その代わり空いたところにまどいさんと熱斗君の物語を詰め込む構成に。
「おいおい、待ち人ってこんな小さなボーイですか!?」
「そうよ、私の大事な待ち人なのよ、文句ある?」
ダッシュで熱斗君も来てくれたし、ナンパ野郎の相手は任せよう。あれよあれよという間に二人はネットバトルしたんだけど、すぐに終わったわ、いや、本当に見せ場がない位に。だって開幕ドリームソードで一刀両断してたよ、あれ斬られたことも気づいてなかったんじゃない?
「まどいさん、大丈夫だった?」
「ううん、熱斗君なら助けてくれるってわかってたから全然平気よ、あ・り・が・と」
足を曲げて同じ目線に降り、ちょっとだけ上目遣いで見つめてみる。するとすぐに顔を真っ赤にしちゃったけど……ああもう可愛いいな! 抱きしめたい衝動に駆られるけどここは我慢しないと。さすがに公衆の場でそれはまずいわ。まさかヒロインみたいに熱斗君に助けてもらえることになるなんて貴重な経験だよね。
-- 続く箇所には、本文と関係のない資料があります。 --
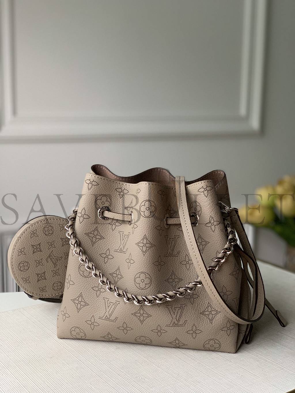 The Bella Tote is made from supple Mahina calf leather in a subtle and elegant Galet. The leather is delicately pleated and draped, and adorned with a jewel-like chain. The Bella Tote blends the design of the classic bucket bag with the carryall tote, making this stylish bag perfect for everyday use.
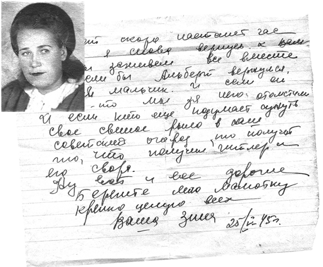 Тетя Зина – Зинаида Яковлевна Аренсон, наша родственница, еще успела понянчить мою дочь. Всю войну прошла писарем, делопроизводителем в штабе танковой армии. Война оказалась самым ярким и захватывающим событием в ее жизни. Все оставшиеся годы, работая в одном из райвоенкоматов Москвы, собирала своих однополчан по всему свету, искала, переписывалась, навещала, собирала на праздники Победы, вела огромную общественную работу. Один из однополчан, в мирное время ставший живописцем, написал ее портрет с военной фотографии – на фоне зеленеющего весеннего леса к березке прислонилась девчонка в военной форме, гимнастерка, прямая юбочка, берет, а в руке, кажется, веточка черемухи. Это май 45-го года.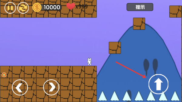 2、用左右按钮移动角色,遇障碍时点右下角上箭头跳跃,避开尖刺等危险,顺路收集金币,推进关卡流程。

まぁWWWに捕まった時に助けてもらってるんだけど、あんなこともう起こらないだろうし、俺が助けられることってたぶんないもんな、本当はずっと助け続けてほしいけどね。熱斗君の方が強いんだし、出来ることなら全部任せっぱなしにしたいところだけど、そういうわけにもいかないしな。
もし俺がメイルちゃんみたいなヒロインになれてたら、影からこっそり見守ってるようなことも出来たかな?無いものねだりだけど、使えるそうなチップを随時あげて、時にはピンチに陥るけどいつも熱斗君に助けてもらって……。一応戦う描写が来るのは『4』からなんだよね。それにしてもこの歳の男の子だったら、俺が付いてないと心配しちゃうような、か弱い幼馴染に心揺さぶられて当然だしな。
「ど、どうしたのまどいさん、ずっと俺の事見て……」
「ううん、ちょっと考え事、熱斗君がまぶしすぎてメイルちゃんみたいな若い子が羨ましくなっちゃった」
「えっ、そ、それってどういう」
あれ?顔が赤いから気づかなかったけど、よく見たらほっぺに薄っすら口紅の後が……、もしかしてミリオネアさんにそこまで気に入られちゃったのか、すげぇな熱斗君、ケロちゃんといい年上キラーだ。誰からも可愛がられるのはいいことだけど、ちょっと色んな女性にアプローチされ過ぎじゃない?まぁ考えてみたら原作でも魅力的な女性が沢山ストーリー上出てくるから仕方がないのか。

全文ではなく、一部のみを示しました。